The majority of Fiji's islands formed through volcanic activity starting around 150 million years ago. Some geothermal activity still occurs today, on the islands of Vanua Levu and Taveuni. The geothermal systems on Viti Levu are non-volcanic in origin, with low-temperature (c. 35–60 degrees Celsius) surface discharges. Sabeto Hot Springs near Nadi is a good example. Humans have lived in Fiji since the second millennium BC—first Austronesians and later Melanesians, with some Polynesian influences. Europeans visited Fiji from the 17th century onwards, and, after a brief period as an independent kingdom, the British established the Colony of Fiji in 1874. Fiji operated as a Crown colony until 1970, when it gained independence as the Dominion of Fiji. A military government declared a Republic in 1987 following a series of coups d'état. In a coup in 2006, Commodore Frank Bainimarama seized power. When the High Court ruled the military leadership unlawful in 2009, President Ratu Josefa Iloilo, whom the military had retained as the nominal Head of State, formally abrogated the 1997 Constitution and re-appointed Bainimarama as interim Prime Minister. Later in 2009, Ratu Epeli Nailatikau succeeded Iloilo as President. After years of delays, a democratic election took place on 17 September 2014. Bainimarama's FijiFirst party won 59.2% of the vote, and international observers deemed the election credible.
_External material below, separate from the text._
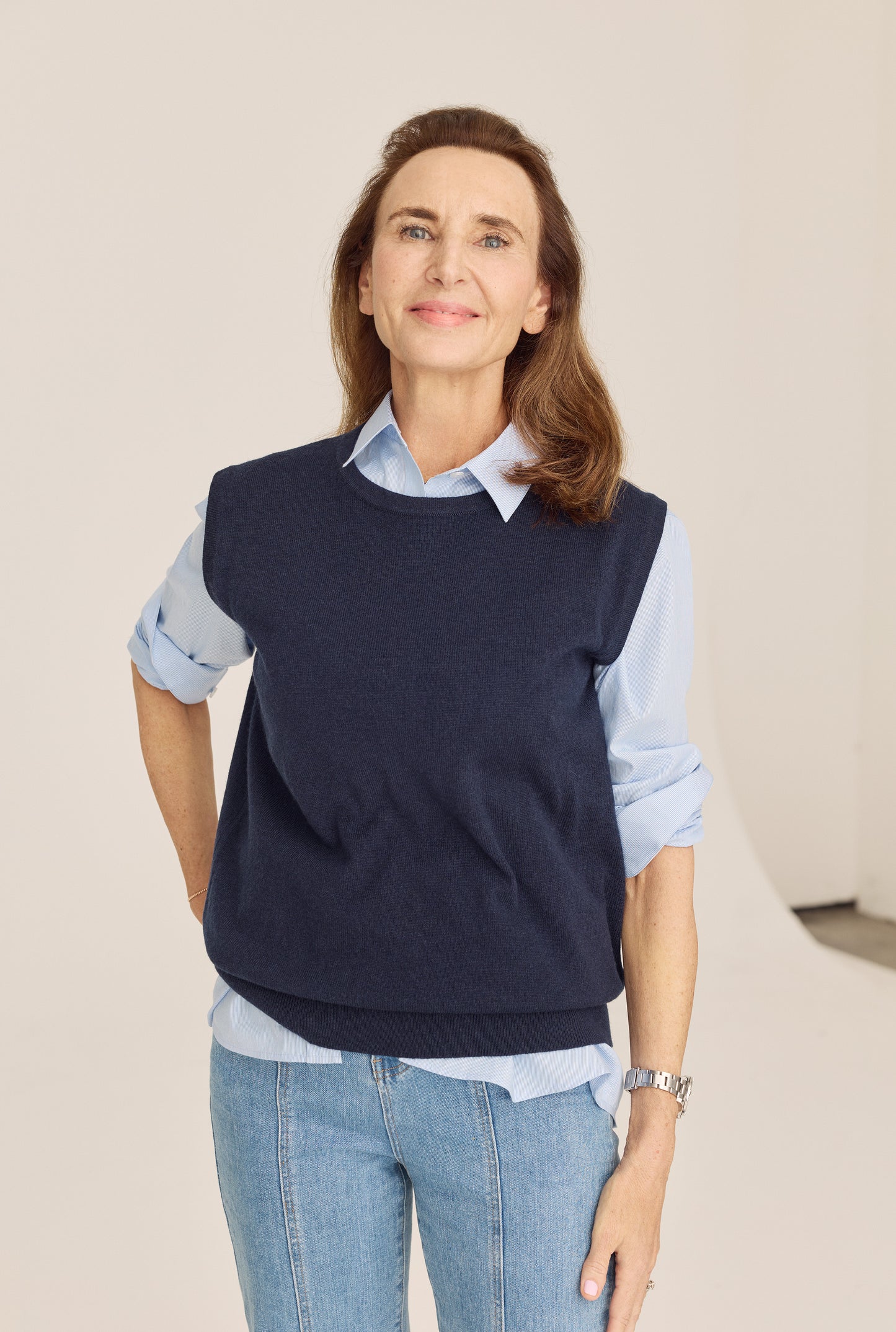 Her elegance is instinctive — a navy stripe, a softly tailored knit, a coat thrown effortlessly over her shoulders. It’s the art of quiet confidence.I

Fiji has one of the most developed economies in the Pacific thanks to its abundant forest, mineral, and fish resources. Its currency is the Fijian dollar, and its main sources of foreign exchange are its tourist industry, remittances from Fijians working, and bottled water exports. The Ministry of Local Government and Urban Development supervises Fiji's local government, which takes the form of city and town councils.
Fiji's main island is known as Viti Levu and it is from this that the name "Fiji" is derived, though the common English pronunciation is based on that of their island neighbours in Tonga. Its emergence can be described as follows:
Fijians first impressed themselves on European consciousness through the writings of the members of the expeditions of Cook who met them in Tonga. They were described as formidable warriors and ferocious cannibals, builders of the finest vessels in the Pacific, but not great sailors. They inspired awe amongst the Tongans, and all their Manufactures, especially bark cloth and clubs, were highly valued and much in demand. They called their home Viti, but the Tongans called it Fisi, and it was by this foreign pronunciation, Fiji, first promulgated by Captain James Cook, that these islands are now known.
"Feejee", the Anglicised spelling of the Tongan pronunciation, was used in accounts and other writings until the late 19th century, by missionaries and other travellers visiting Fiji.